WORK TO COMPLETE
Every line of the data below is to be duplicated exactly, pictures excepted.

SUPPLIED INFORMATION
++++

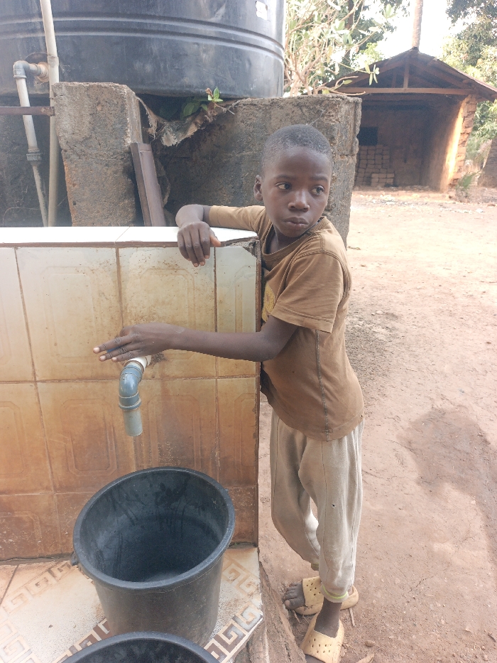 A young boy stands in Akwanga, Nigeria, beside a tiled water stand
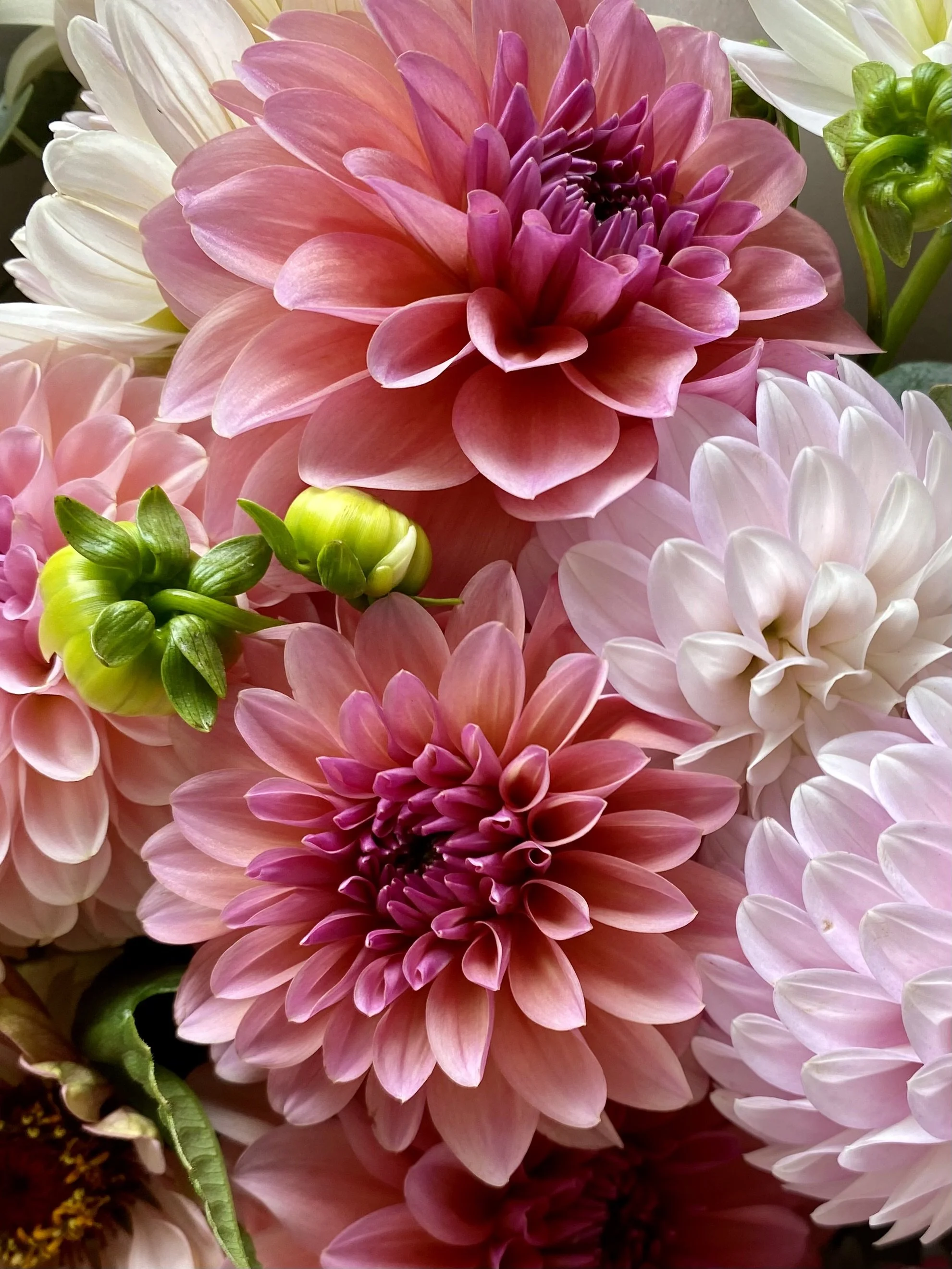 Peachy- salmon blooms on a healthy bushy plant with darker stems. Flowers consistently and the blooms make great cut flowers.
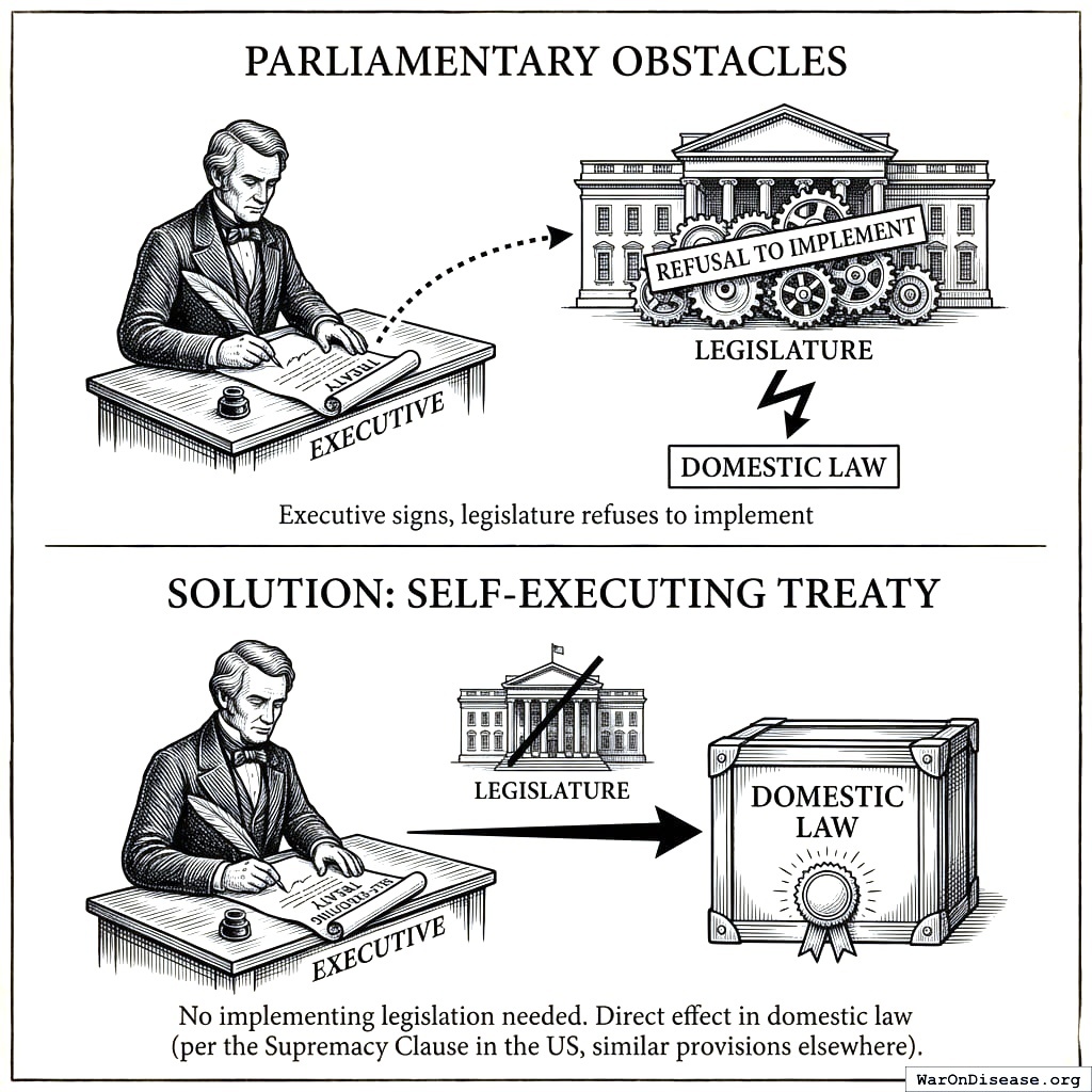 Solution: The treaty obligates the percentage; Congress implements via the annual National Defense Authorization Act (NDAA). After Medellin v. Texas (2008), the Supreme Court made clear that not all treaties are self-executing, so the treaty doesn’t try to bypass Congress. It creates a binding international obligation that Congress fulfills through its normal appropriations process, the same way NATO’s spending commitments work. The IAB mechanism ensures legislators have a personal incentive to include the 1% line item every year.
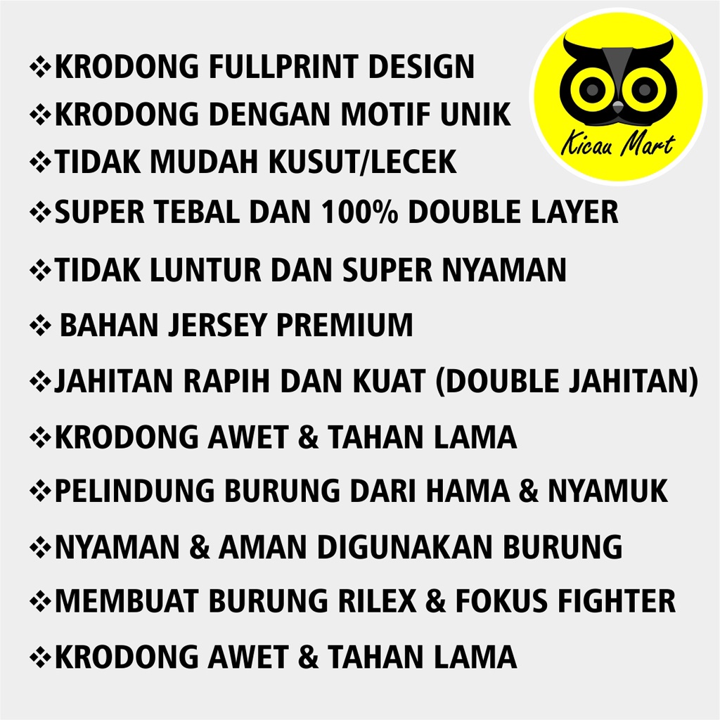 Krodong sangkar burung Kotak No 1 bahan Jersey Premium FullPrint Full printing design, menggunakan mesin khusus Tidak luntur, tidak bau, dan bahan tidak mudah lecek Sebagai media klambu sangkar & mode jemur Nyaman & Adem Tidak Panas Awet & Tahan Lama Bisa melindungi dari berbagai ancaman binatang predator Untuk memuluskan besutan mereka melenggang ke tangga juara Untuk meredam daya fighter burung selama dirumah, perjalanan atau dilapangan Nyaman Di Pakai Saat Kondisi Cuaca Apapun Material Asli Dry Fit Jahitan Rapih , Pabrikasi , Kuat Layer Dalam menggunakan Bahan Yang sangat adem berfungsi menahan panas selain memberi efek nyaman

++++

TASK RESULT
 A young boy stands in Akwanga, Nigeria, beside a tiled water stand
 Peachy- salmon blooms on a healthy bushy plant with darker stems. Flowers consistently and the blooms make great cut flowers.
 Solution: The treaty obligates the percentage; Congress implements via the annual National Defense Authorization Act (NDAA). After Medellin v. Texas (2008), the Supreme Court made clear that not all treaties are self-executing, so the treaty doesn’t try to bypass Congress. It creates a binding international obligation that Congress fulfills through its normal appropriations process, the same way NATO’s spending commitments work. The IAB mechanism ensures legislators have a personal incentive to include the 1% line item every year.
 Krodong sangkar burung Kotak No 1 bahan Jersey Premium FullPrint Full printing design, menggunakan mesin khusus Tidak luntur, tidak bau, dan bahan tidak mudah lecek Sebagai media klambu sangkar & mode jemur Nyaman & Adem Tidak Panas Awet & Tahan Lama Bisa melindungi dari berbagai ancaman binatang predator Untuk memuluskan besutan mereka melenggang ke tangga juara Untuk meredam daya fighter burung selama dirumah, perjalanan atau dilapangan Nyaman Di Pakai Saat Kondisi Cuaca Apapun Material Asli Dry Fit Jahitan Rapih , Pabrikasi , Kuat Layer Dalam menggunakan Bahan Yang sangat adem berfungsi menahan panas selain memberi efek nyaman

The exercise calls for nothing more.